Anyone who has traveled -- or, better, lived -- in Alaska's villages can remember seeing homes provided in government programs that made no sense in Alaska. These were homes that couldn't stand many Alaska winters and left their occupants with warped walls, frozen pipes and little faith in Uncle Sam. That's changing.
The federal Department of Housing and Urban Development and the Cold Climate Housing Research Center in Fairbanks are working together on two modern houses designed to cut construction costs, maximize energy efficiency and fit the traditional layout of homes in both the Yukon-Kuskokwim Delta and the Arctic.
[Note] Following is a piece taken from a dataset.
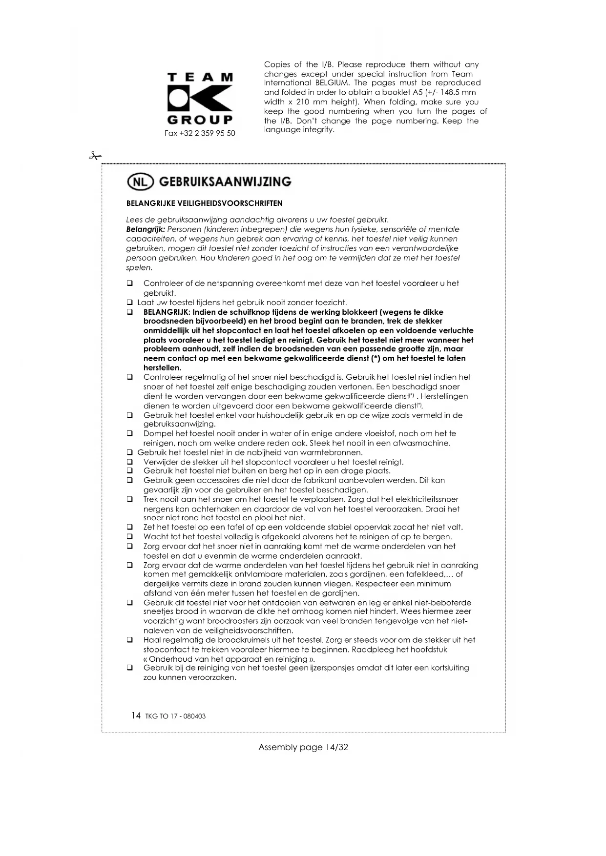 Gebruik het toestel enkel voor huishoudelijk gebruik en op de wijze zoals vermeld in de gebruiksaanwijzing. Dompel het toestel nooit onder in water of in enige andere vloeistof, noch om het te reinigen, noch om welke andere reden ook. Steek het nooit in een afwasmachine. Gebruik het toestel niet in de nabijheid van warmtebronnen. Verwijder de stekker uit het stopcontact vooraleer u het toestel reinigt. Gebruik het toestel niet buiten en berg het op in een droge plaats. Gebruik geen accessoires die niet door de fabrikant aanbevolen werden. Dit kan gevaarlijk zijn voor de gebruiker en het toestel beschadigen. Trek nooit aan het snoer om het toestel te verplaatsen. Zorg dat het elektriciteitssnoer nergens kan achterhaken en daardoor de val van het toestel veroorzaken. Draai het snoer niet rond het toestel en plooi het niet. Zet het toestel op een tafel of op een voldoende stabiel oppervlak zodat het niet valt. Wacht tot het toestel volledig is afgekoeld alvorens het te reinigen of op te bergen. Zorg ervoor dat het snoer niet in aanraking komt met de warme onderdelen van het toestel en dat u evenmin de warme onderdelen aanraakt. Zorg ervoor dat de warme onderdelen van het toestel tijdens het gebruik niet in aanraking komen met gemakkelijk ontvlambare materialen, zoals gordijnen, een tafelkleed,… of dergelijke vermits deze in brand zouden kunnen vliegen. Respecteer een minimum afstand van één meter tussen het toestel en de gordijnen. Gebruik dit toestel niet voor het ontdooien van eetwaren en leg er enkel niet-beboterde sneetjes brood in waarvan de dikte het omhoog komen niet hindert. Wees hiermee zeer voorzichtig want broodroosters zijn oorzaak van veel branden tengevolge van het niet- naleven van de veiligheidsvoorschriften. Haal regelmatig de broodkruimels uit het toestel. Zorg er steeds voor om de stekker uit het stopcontact te trekken vooraleer hiermee te beginnen. Raadpleeg het hoofdstuk « Onderhoud van het apparaat en reiniging ». Gebruik bij de reiniging van het toestel geen ijzersponsjes omdat dit later een kortsluiting zou kunnen veroorzaken. Copies of the I/B. Please reproduce them without any changes except under special instruction from Team International BELGIUM. The pages must be reproduced and folded in order to obtain a booklet A5 (+/- 148.5 mm width x 210 mm height). When folding, make sure you keep the good numbering when you turn the pages of the I/B. Don’t change the page numbering. Keep the language integrity.

Each home would run about $200,000 -- far below the costs incurred for most building in Bush Alaska, where shipping costs alone can put housing prices out of sight. Each would be much easier to heat in winter, using as little as one-fifth the fuel of the typical house now.
Housing and fuel costs are two chronic challenges in rural Alaska. They stand in the way of sustainable economies by thwarting numerous enterprises aimed at improving prospects, from recruiting and retaining good teachers to creating jobs and steady income opportunities to complement seasonal subsistence living.
The two building projects will provide researchers, villagers and housing officials with a real-world test of the designs. How well will they withstand the weather? How well will they fit families' needs? Will the promised fuel efficiencies pan out?